On making the foods both appetising and nutritious

I’ve been looking through the little cookery book I bought the other day; first published in 1944, it takes account of the situation ordinary people cooking at home faced – having to accommodate rationing. Food – and other things were rationed during the war, and not for the first time; certain foods were rationed in the First World War as well, which i didn’t realise! I knew the Germans had submarines in that first war but didn’t realise although I should have done, that they were not used as offensive against the British Navy but to try and starve Britain into submission. They started what’s known as unrestricted submarine warfare and in response, voluntary rationing was introduced in February 1917. Seven months later, bread was subsidised from September and three months after that local authorities introduced compulsory rationing between December 1917 and February 1918. The country was running out of wheat and in July ration books for butter, margarine, lard, meat, and sugar were introduced.

Rationing started almost from the beginning of the Second World war, so by the time Nell Heaton wrote ‘Cookery To-day and To-morrow’ it was just a way of life. Petrol was the first item to come under rationing, and at teh beginning of 1940, bacon, butter and sugar were added to the list, followed by meat, tea, jam, biscuits, breakfast cereals, cheese, eggs, lard, milk, canned and dried fruit. Knowing this makes her introduction to her book ,ore telling:

When planning meals we must concentrate on making the foods both appetising and nutritious, remembering that malnutrition is found not only amongst those who are short of food, but also amongst those who eat the wrong foods. An ingenious cook is able to make ordinary meals both interesting and varied; good cooking does not need a large income. Cooking is an art and the garnishing and serving of the meals play an important part, since sauces and garnishes give added zest and nutrition, besides improving the appearance of food.

It is one of the outrages of our modern country, that there are people who are malnourished and hungry because they just cannot afford the food their family needs. Think of Marcus Rashford and his campaign! Another point Nell makes is the idea of ‘eating with your eyes first’ so making food attractive and appealing in appearance can make a genuine difference in appreciating it.

Foods that are a luxury to some are everyday fare to others, and this is due to the available supply, economic and geographical conditions.
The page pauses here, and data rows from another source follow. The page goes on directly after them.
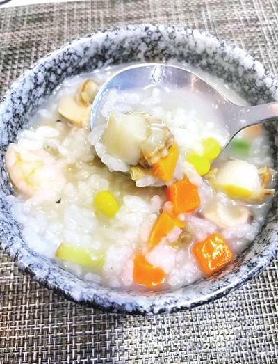 扇贝在餐桌上,除了是一道可口的家常菜,还可以熬成海鲜粥,冬天喝上一碗,也是不一样的体验。做海鲜粥的扇贝肉要清理干净,不然喝粥容易有沙子硌牙。米粥煮好后,在锅中倒入胡萝卜丁、香菇片和焯过水的青豆等喜欢的配菜,先焖煮一会。扇贝容易煮熟,最后加入即可,倒入扇贝肉后煮3分钟,再加入适量胡椒粉、盐调味,搅拌均匀后即可出锅。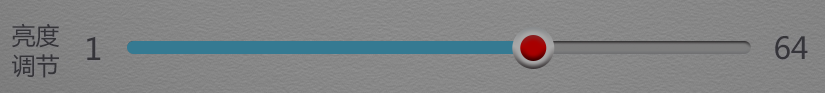 圖3所示為滑動調(diào)節(jié)背光亮度的案例,由滑塊控件和進度條控件組合設(shè)計實現(xiàn)。設(shè)計中用到了兩個png格式的圖標(biāo),一個是圓形的滑塊圖標(biāo),另一個是長條形的藍色進度條圖標(biāo)。圖中滑塊圖標(biāo)和進度條圖標(biāo)的邊緣都能夠自然的和背景融合在一起。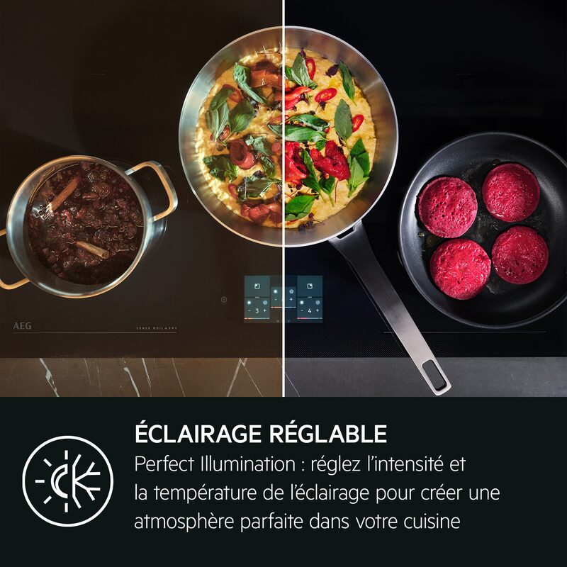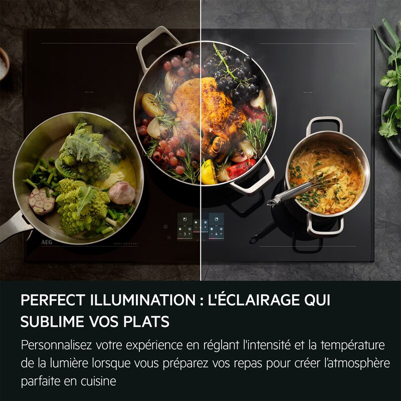 L’éclairage Perfect Illumination restitue fidèlement les couleurs des aliments. La température et l’intensité lumineuses sont ajustables pour créer l’ambiance souhaitée, tout en garantissant une excellente visibilité sur la zone de cuisson.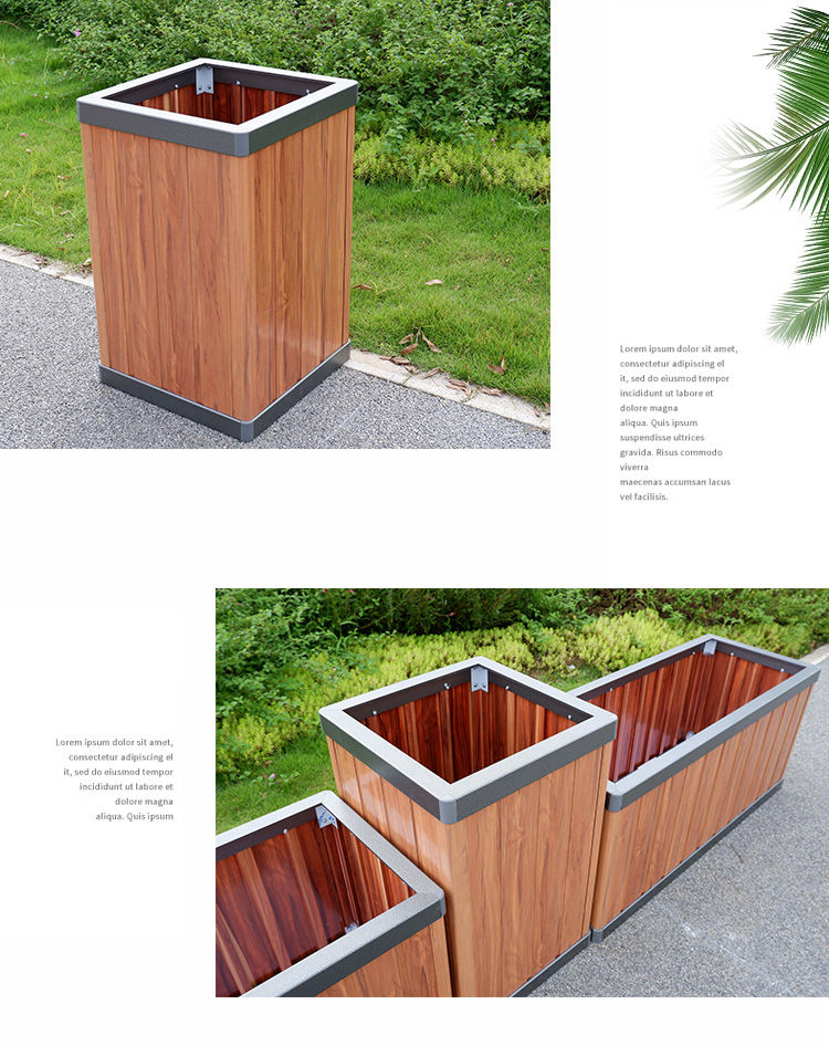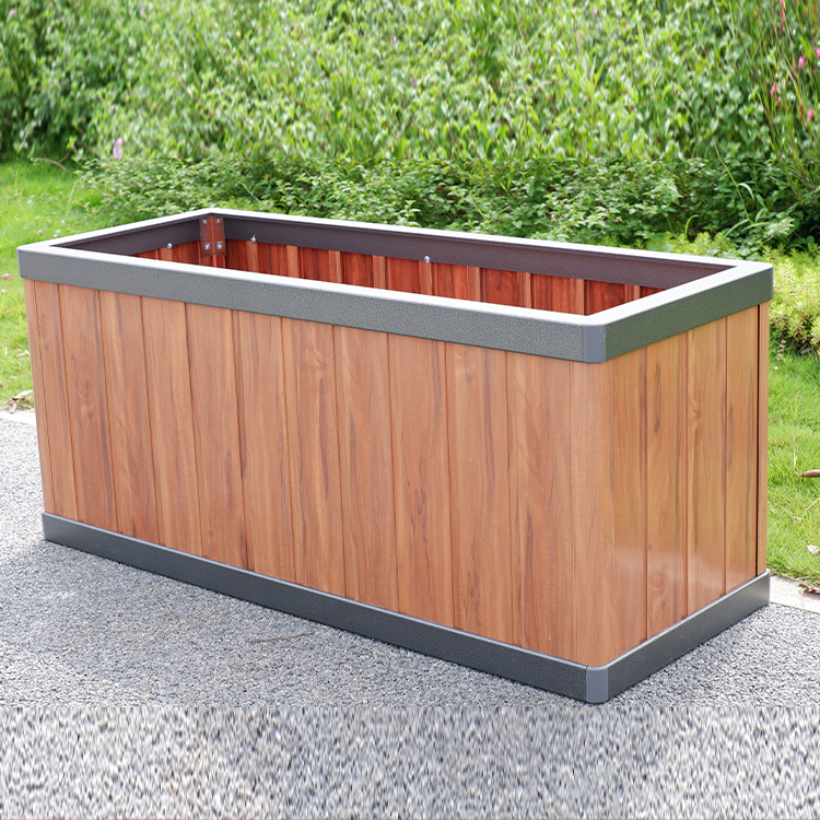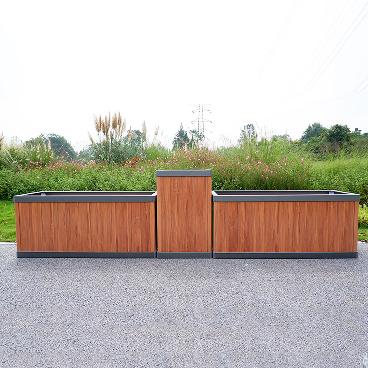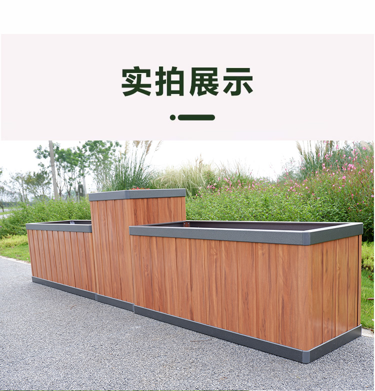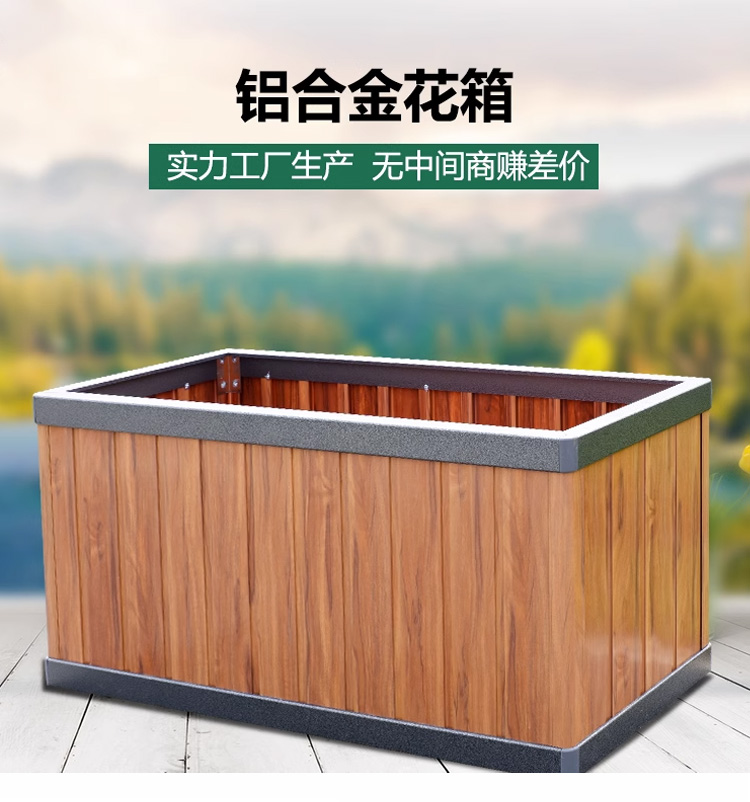 戶外仿木紋鋁合金花箱定做道路景觀綠化市政花壇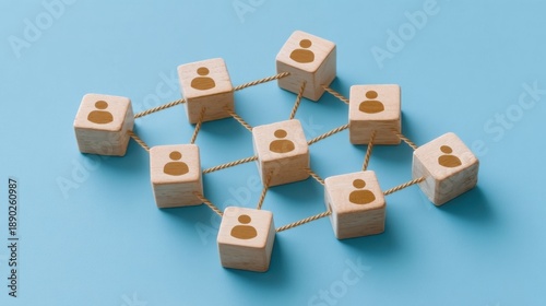 © 69, Obraz premium Wooden Blocks Connected by Strings Represents Networking and Collaboration Concepts in a Creative Visualization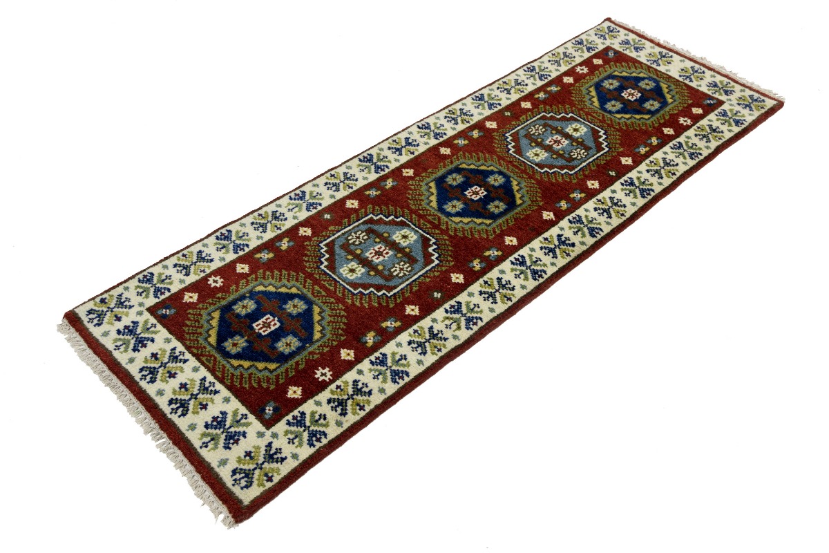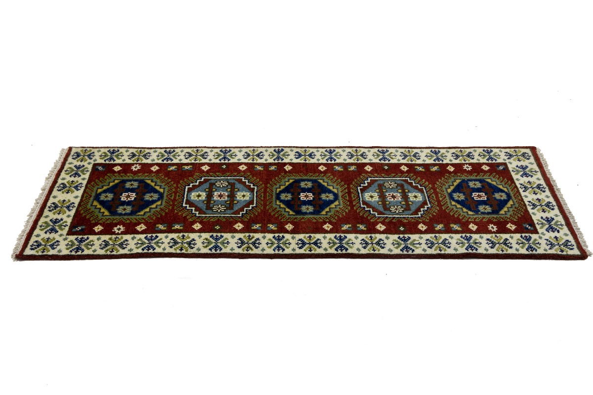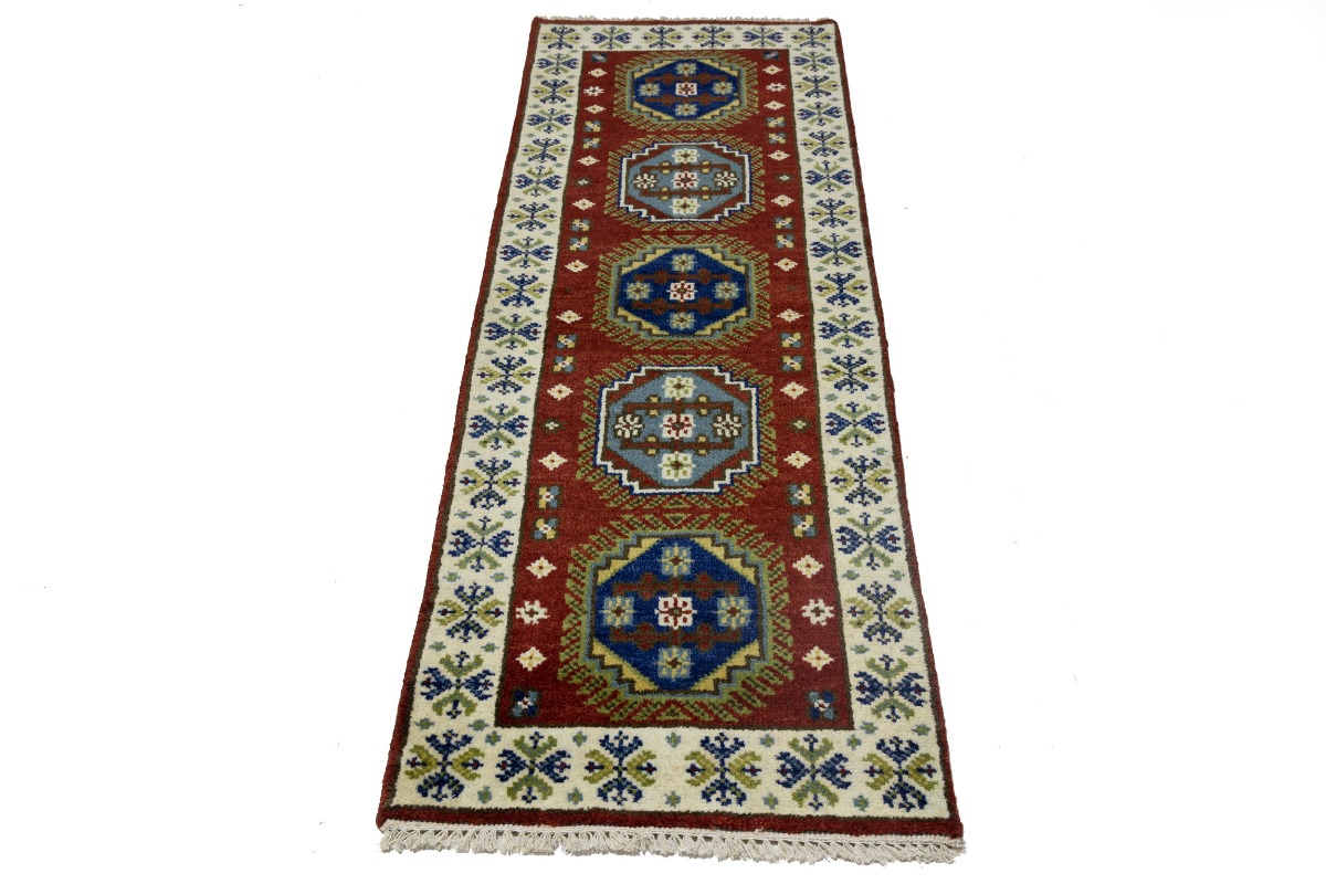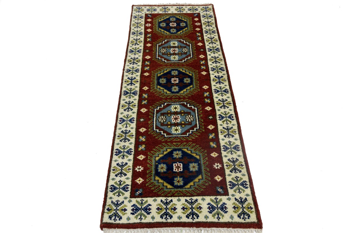 Handmade 2'3X6'6 red oriental runner made with natural dyes (fine wool pile and cotton foundation), superior knot count, and appealing ancient designs. This Oriental runner never will go out of style and would be among your most valuable treasures.

Yest even when food supplies are restricted it is not difficult with a little ingenuity to plan, cook and serve a thoroughly good meal.
Plan ahead whenever possible, and if you are a beginner, try the simplest recipes first, before going on to more complicated dishes.
Always have order in your kitchen and clear up as you go.

In some cookery books I’ve read, especially those who are aimed at cooks who are just beginning following recipes, there’s a very patronising slant to the writing; I don’t feel there is here with Nell’s introduction, just common snse.

The section on recipe building and checking should prove helpful to you and I hope the recipes which follow will give you some new ideas, if you are weary of planning. If you are just beginning to cook, once you know the basic proportions you will soon find you can make your own recipes, or adapt those I have compiled for you.

This really sounds as if Nell has confidence in the new cooks and that she’s not harshly dictatorial about following recipes to the letter! (Some cookery writers are, even today!)

It has not ben possible to give you as many recipes for each specific food as I would have wished, or t set out the ingredients in all sections owing to paper rationing, but I hope you will find in Cookery To-day and To-morrow some helpful suggestions which will make your meals attractive. A meal which is enjoyed is digested and utilised more effectively than one which is eaten without appetite or relish.

I didn’t realise, or maybe I had forgotten that paper was also rationed. I describe Nell’s book as ‘little’ – well of course it was, in size as well as in font size and number of recipes and how she’s written them! I wish I could find out more about her… I shall keep investigating!